Porsche Automobil Holding SE, the controlling shareholder of Volkswagen AG, faces a new legal front in investor cases over the diesel-emissions scandal after a Stuttgart judge indicated the company may be liable for misleading investors as far back as 2010.
Porsche’s 2009-10 report was probably wrong because it cited a VW document claiming its cars already complied with the strictest European emission rules for diesel engines, Judge Fabian Richter Reuschle wrote in a May ruling obtained by Bloomberg News. The judge is seeking to summon about 30 witnesses in an investor suit to find out what former VW Chief Executive Officer Martin Winterkorn knew about the scam.
The ruling extends the troubles for Porsche over the disclosure of the diesel cheating to capital markets. While there’s already a mass suit pending in a Stuttgart appeals court over claims totaling 865 million euros ($1 billion), Richter Reuschle has kept parts of some cases and continues to hear them individually. The ruling indicates investors may still be able to sue for trades as far back as November 2010.
“The court has to clarify whether there are enough facts showing a reprehensible motivation by” Porsche, the judge wrote in the ruling that hasn’t yet been made public, adding he needs to examine whether VW’s “action needs to be qualified as ruthless.”
The cases are baseless, Porsche spokesman Frank Gaube said by email, adding that the court didn’t rule on the merits of the claims.
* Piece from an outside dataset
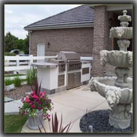 Outdoor Kitchens Welcome to the newest trend in cooking; outdoor kitchens. Sometimes called grill islands, these outdoor entertainment centers are the perfect product for people who enjoy hosting barbeques. Unlike cart model grills, outdoor kitchens have more food preparation space, which means less running in and out of the house for ingredients. Sinks, refrigerators, drawers, ice-makers, cabinets and even ovens can all be built into outdoor kitchens for added convenience. |

VW spokesman Nicolai Laude declined to comment on Richter Reuschle’s ruling.
While the ruling is a setback for Porsche, any suit before Richter Reuschle hinges on an issue pending with the appeals court in the mass case. The question is whether what executives learned about the scam in their role at VW can also be attributed to Porsche because the same people served at boards of both companies. Unless the appeals court says it’s possible, investors won’t be successful.
Likewise, the prospects depend on what VW’s then-CEO knew at the time. Most of the witnesses listed in the ruling are either being investigated themselves, such as Winterkorn, or they work at companies being probed, like Audi chief Rupert Stadler and Robert Bosch GmbH head Volkmar Denner. They can claim privileges not to testify and most certainly will do so, making it unlikely to find the evidence the court is looking for.
Richter Reuschle has issued several rulings unfavorable for Porsche and for Volkswagen, which is also being sued in Stuttgart. In turn, VW earlier this year filed a motion to remove him for bias, but the bid was rejected this week. VW filed most of its objections against the judge too late and others weren’t enough to question his fairness, the court said.
The judge’s previous actions raised “considerable doubts” about whether he can handle the cases objectively and without bias, VW’s Laude said Thursday, adding that VW may appeal the ruling rejecting the bid to have him removed.